Quote the whole sentence, not just the matched line. The matched word may sit inside a bullet point whose lead-in sentence supplies the keyword by inheritance — e.g.:
Servers SHOULD return standard JSON-RPC errors for common failure cases:
- Resource not found: -32602 (Invalid Params)
The bullet inherits SHOULD. The yaml row should quote the combined obligation: 'Servers SHOULD return standard JSON-RPC errors for common failure cases: Resource not found: -32602 (Invalid Params)' — see src/seps/sep-2164.yaml for the canonical example.
Regex alone is insufficient (this is called out in Issue #243). Read for context: pronouns, "the server", and "such cases" all refer back to the lead-in.
Step 5: Map severity → check vs. excluded
From AGENTS.md:50-56:
| Keyword | Severity | YAML field |
|---|
| MUST / MUST NOT / SHALL / SHALL NOT / REQUIRED | FAILURE | check: sep-<NNNN>-<slug> |
| SHOULD / SHOULD NOT | WARNING | check: sep-<NNNN>-<slug> |
| MAY / OPTIONAL | — | no row — skip entirely |
MAY / OPTIONAL sentences are noted in Step 4 only so you consciously skip them — they never produce a yaml row.
A row is excluded: when a MUST/SHOULD requirement can't be protocol-observed by the harness. Do not write any excluded: row on your own authority — every exclusion goes through Step 6.
While classifying, sort each MUST/SHOULD row into one of three buckets:
check: — observably testable on the wire.
- clearly-excluded — you're confident it can't be observed (e.g. "clients SHOULD also accept -32002" when the harness only drives servers).

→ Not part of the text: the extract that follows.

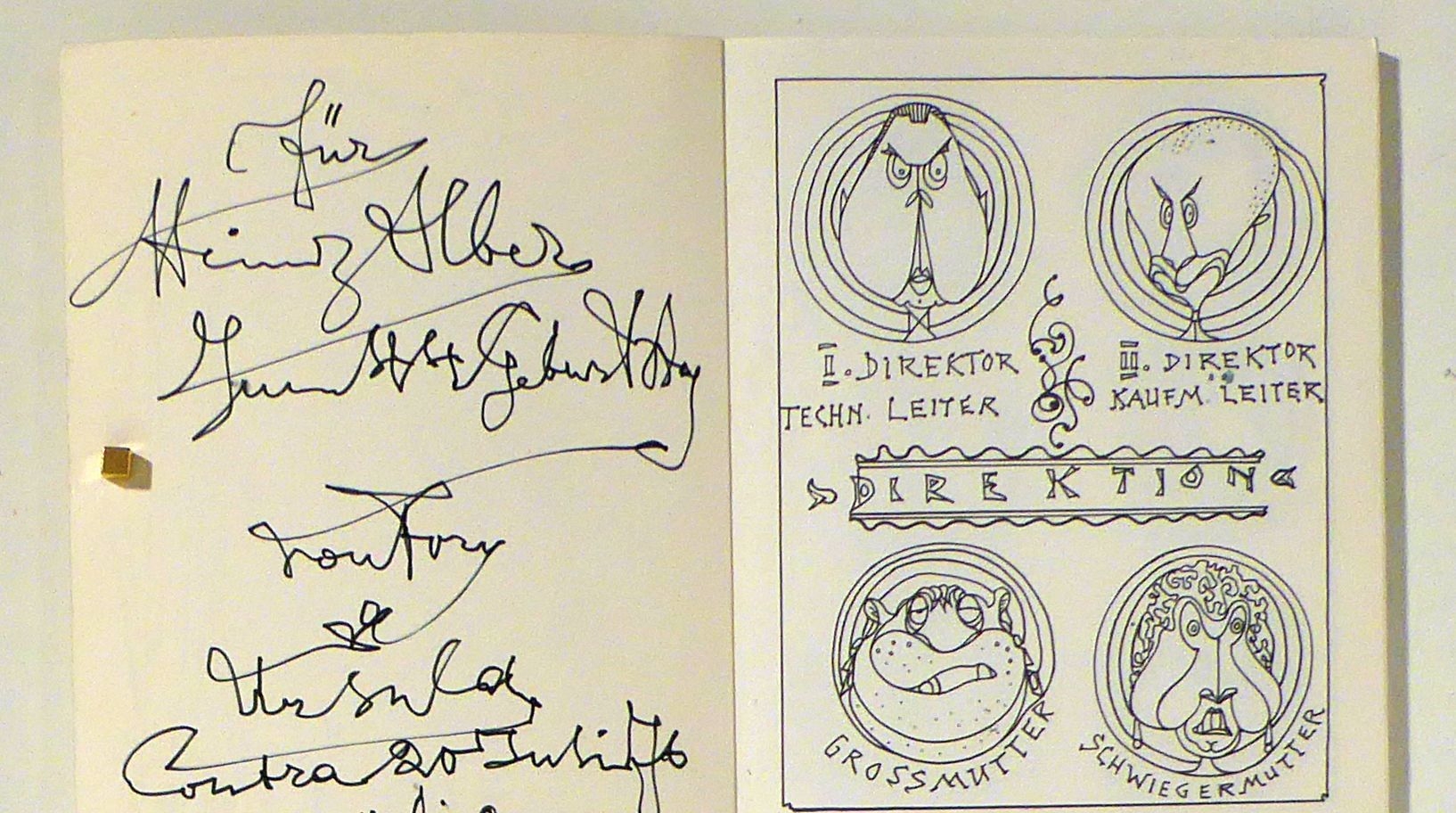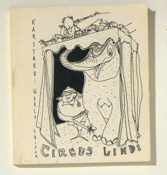 o.O.: Karitaku World Editor, [1976]. 57 Bll., mit 57 s/w-Abbildungen nach blattgrossen Zeichnungen und einer Umschlagzeichnung. Einband: illustrierte Original-Broschur. Format: kl.8°. Erstausgabe. Eine Zirkusgeschichte ohne Worte mit 14 Personen von Lindi, Pseudonym von Alfred Lindegger. Mit einer datierten Widmung mit kalligrafischer Einzeichnung verso Titelblatt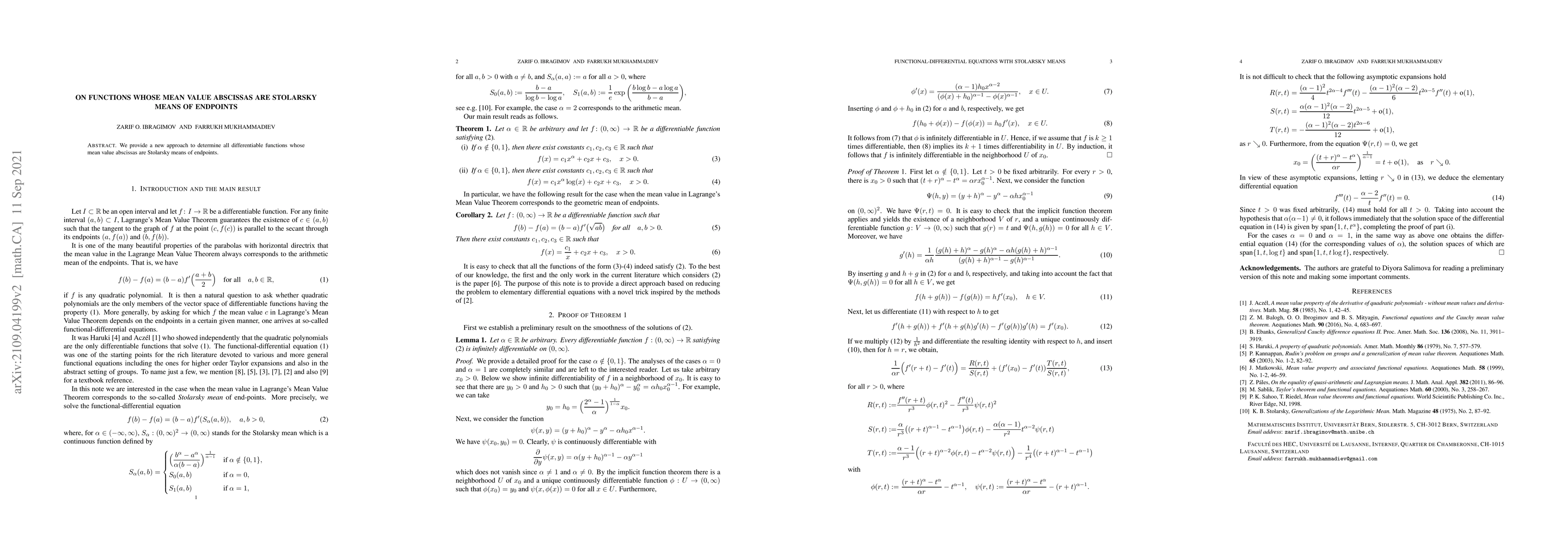 Summary: This paper introduces a novel method to identify differentiable functions where the mean value abscissas correspond to Stolarsky means of the endpoints, offering new insights into functional analysis.

- borderline — you'd default to
check: but observability is questionable. Markers:
- Internal state — verbs like record, store, associate, track, cache. The harness sees wire traffic, not memory; usually only observable via a downstream row already in your list.
- UI / human-facing — display, show, render, prompt the user.
- Precondition phrasing — "Before doing X, the implementation MUST Y" where X is itself another row.
Slug convention: lowercase-kebab, derived from the verb phrase. Examples from sep-2164.yaml: no-empty-contents, error-code. Same id is used for SUCCESS and FAILURE (AGENTS.md:52).
Step 6: Confirm exclusions with the user
Nothing becomes excluded: without sign-off. Two rounds:
Round 1 — clearly-excluded, single batch question. One AskUserQuestion listing all clearly-excluded rows in the question body (slug + one-line reason each). Options:
Exclude all as listed (Recommended)
Flip all to check:
Let me adjust per-row — if chosen, append these rows to round 2.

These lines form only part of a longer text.